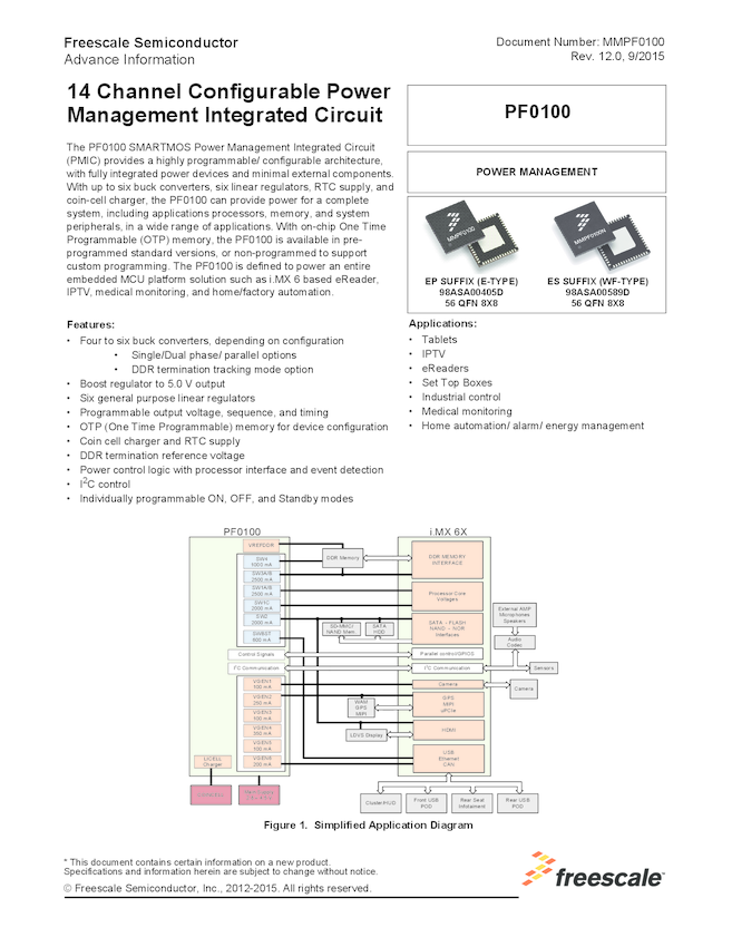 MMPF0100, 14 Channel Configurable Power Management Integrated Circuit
----------
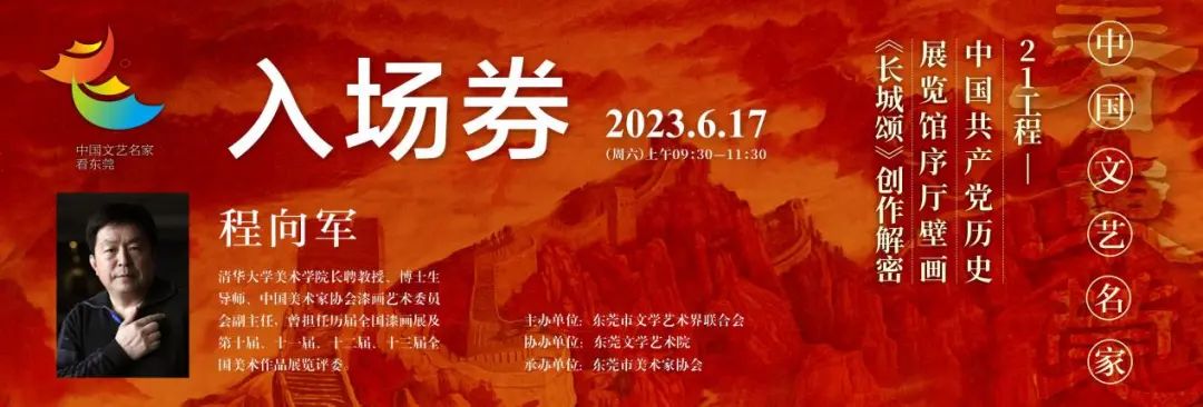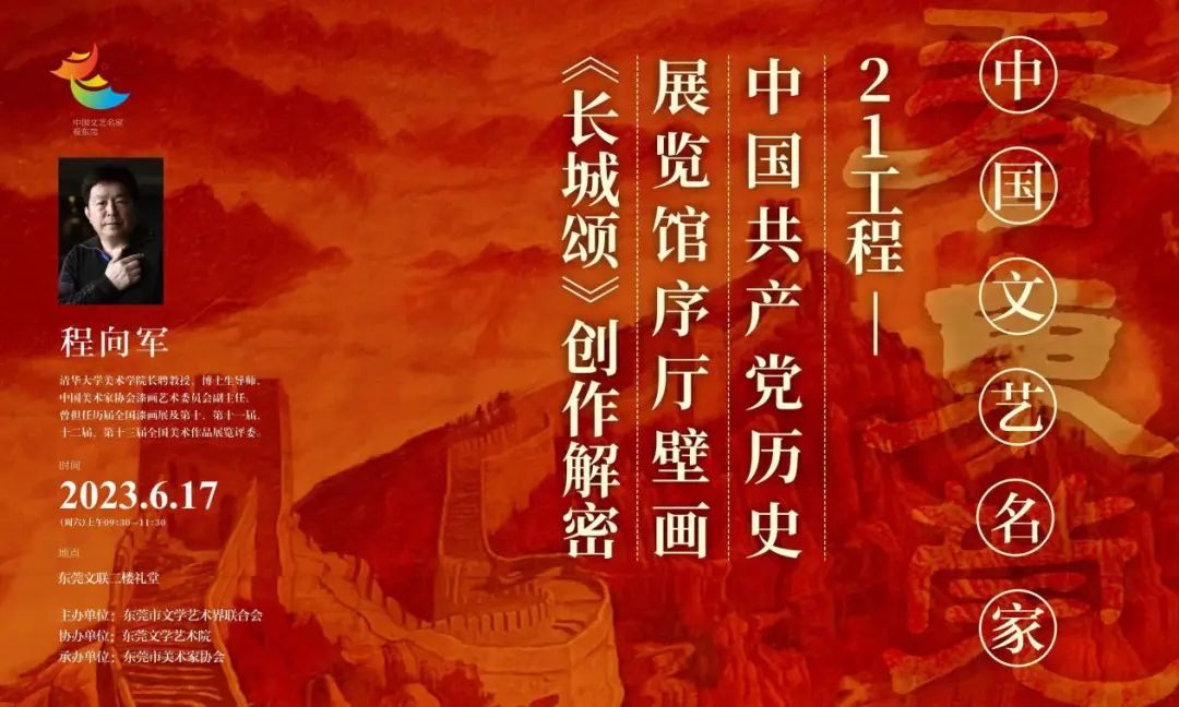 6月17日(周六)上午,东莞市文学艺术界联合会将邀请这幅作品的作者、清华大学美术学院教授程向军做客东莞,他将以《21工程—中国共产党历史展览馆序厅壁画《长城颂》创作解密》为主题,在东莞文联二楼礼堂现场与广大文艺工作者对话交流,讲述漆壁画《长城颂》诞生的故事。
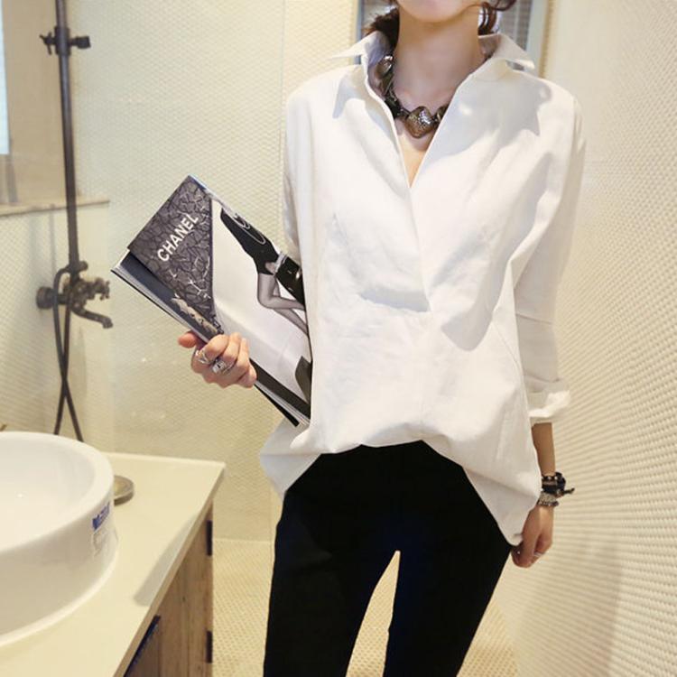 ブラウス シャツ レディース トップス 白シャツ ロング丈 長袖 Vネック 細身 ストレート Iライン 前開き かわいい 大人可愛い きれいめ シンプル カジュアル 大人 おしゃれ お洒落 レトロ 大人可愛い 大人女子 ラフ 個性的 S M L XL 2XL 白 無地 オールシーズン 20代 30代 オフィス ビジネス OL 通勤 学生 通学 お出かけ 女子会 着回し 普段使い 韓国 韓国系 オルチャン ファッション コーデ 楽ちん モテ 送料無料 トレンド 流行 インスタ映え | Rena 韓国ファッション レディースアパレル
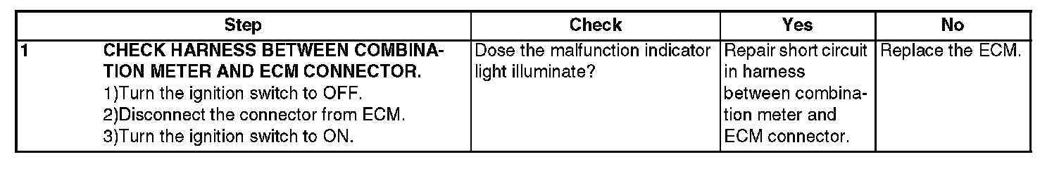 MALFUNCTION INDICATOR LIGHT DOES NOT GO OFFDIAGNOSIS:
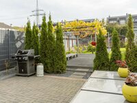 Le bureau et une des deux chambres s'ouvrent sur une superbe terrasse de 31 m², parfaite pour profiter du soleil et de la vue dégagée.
----------
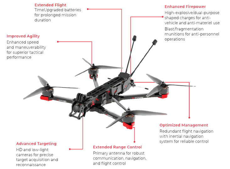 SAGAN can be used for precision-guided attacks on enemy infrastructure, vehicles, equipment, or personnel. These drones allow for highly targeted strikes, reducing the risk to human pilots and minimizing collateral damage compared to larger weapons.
----------
■ Exercise description:
Above are the records. Copy only the lines from the one with "MALFUNCTION INDICATOR LIGHT" through the one with "Le bureau et", exactly, with no pictures.

■ Output of the task:
 MALFUNCTION INDICATOR LIGHT DOES NOT GO OFFDIAGNOSIS:
 Le bureau et une des deux chambres s'ouvrent sur une superbe terrasse de 31 m², parfaite pour profiter du soleil et de la vue dégagée.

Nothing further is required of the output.